# Firemouth tank setup



## Klave (May 4, 2010)

Hi

I have Discus and Rams and now I went for Firemouths, a cichlid I've never have had. 
I have 5 of these guys in a 20 gallon (Tall) tank and they are about an inch average although a couple are smaller, though they were such a healthy stock when I saw them and I must say kudos to Petsmart to have healthy fish like this, after their QT time. ( I'm always reluctant to these mass sell stores)

I know the "final" size of these guys so my question is: Is a 55 gallon tank big enough for these five when they "hit" their grown up size 5 - 6 inches?


----------



## hessels92 (Mar 15, 2010)

by themselves yes that is a good setup, clearly not with the discus ect


----------



## Klave (May 4, 2010)

Thanx for the answer.

Oh,,my Discus and the Rams they are in a 90 gallon tank. Only ones beside the Discus and the Rams in there are 5 cory's (Sterba) for cleaning/ maint. 

The 55 gallon tank will be Firemouth only setup. I have the setup going already though it isn't gravel/plant ready.


----------



## cichlidfeesh (Apr 6, 2009)

5 firemouths in one 55 gallon tank is going to be a tricky set-up. My reason being is territory issues. What I would recommend is keeping an eye on them, and if/when the dominant firemouths start controlling the tank take out the one you want. When I put 4 in my 55 gallon tank they initially started out fine as a group but slowly one took over the majority of the tank, one had a little space to himself, and the other two were restricted to a little space behind filters, or crammed in the corner of the tank. I ultimately ended up with two of my best[looking] firemouths living together after I took the other two back to my LFS. I am not saying this will be your experience (all fish are different), but just keep an eye on them.


----------



## Klave (May 4, 2010)

Thanx for the tip. :thumb:

Yes, I'll keep an eye on them for territory issues. 
I can already see some "signs" in a couple of them who's "leader" and up front on everything going on in the tank they have now. :fish:


----------



## Klave (May 4, 2010)

I can already see one of the 5 kind of pushing them around, very "foward" around feeding and going into "mouth-to-mouth" talks :x to take over any area of interest.
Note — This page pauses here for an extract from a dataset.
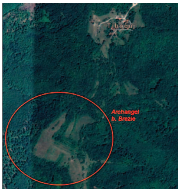
Sl. 14 Pretpostavljeni položaj crkve St. Archangel u odnosu na mjesto Tihočaj (izvor: https://maps.google.com ; obradio: L. Štefan)

Terenski pregled proveden je i u samome mjestu Gračac Slavetički kao odgovor na poziv stanovnika koji tvrde da su se na njihovome posjedu nalazili crkva i gro-
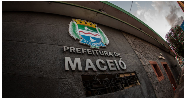
PREFEITURA DE MACEIÓ, através da Semsc, regula as atividades

As inscrições serão realizadas apenas de forma online, por meio do site: https://pre-inscricoes-reveillon.semsc.maceio.al.gov.br/ambulantes-reveillon/pages/principal .

This guy is about 1 inch big(small). The other ones are about the same size except one that is smaller.


----------



## chrispyweld (Dec 20, 2005)

I have always wanted to do a FM only tank. They are best looking and most entertaining when in groups. I don't care for them as singles in a community set up nearly as much as a pair or a few of same sex.
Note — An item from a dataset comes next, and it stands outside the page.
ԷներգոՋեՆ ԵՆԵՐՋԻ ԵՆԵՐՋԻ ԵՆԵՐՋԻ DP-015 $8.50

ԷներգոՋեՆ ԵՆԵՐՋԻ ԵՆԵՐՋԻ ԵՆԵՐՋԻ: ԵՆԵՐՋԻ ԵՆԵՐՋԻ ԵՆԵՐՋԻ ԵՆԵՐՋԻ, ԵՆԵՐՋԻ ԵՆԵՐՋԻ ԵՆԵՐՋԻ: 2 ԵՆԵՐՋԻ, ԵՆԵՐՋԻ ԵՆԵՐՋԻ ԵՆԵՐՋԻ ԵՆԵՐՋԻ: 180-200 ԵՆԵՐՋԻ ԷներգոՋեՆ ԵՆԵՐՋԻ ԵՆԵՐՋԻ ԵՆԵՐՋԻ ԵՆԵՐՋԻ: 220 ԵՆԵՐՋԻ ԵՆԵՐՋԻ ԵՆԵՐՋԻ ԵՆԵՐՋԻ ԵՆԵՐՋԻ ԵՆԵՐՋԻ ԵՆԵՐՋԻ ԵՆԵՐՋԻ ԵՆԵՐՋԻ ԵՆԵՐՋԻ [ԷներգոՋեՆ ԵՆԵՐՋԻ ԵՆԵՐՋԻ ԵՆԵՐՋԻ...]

If you end up with two pairs the fifth one is a goner though. Be ready.


----------



## cage623 (Feb 2, 2008)

This tank should be entertaining to say the least. Plenty of played out fish drama. Good luck.


----------



## Klave (May 4, 2010)

I have always liked the making this group-only-tanks, like with my discus (well there are some Rams in there and Sterba's) and I thought that the Firemouth was an intersseting way to go for me, though "unknown" territory, so I'll see when I get this up going within the week to come now.
:fish:

Just cycling of the tank now and and infusing "old" water to filters, well I just cycle like I do with my Discus tanks and it works everytime.

Also busy because my Discus spawned yesterday


----------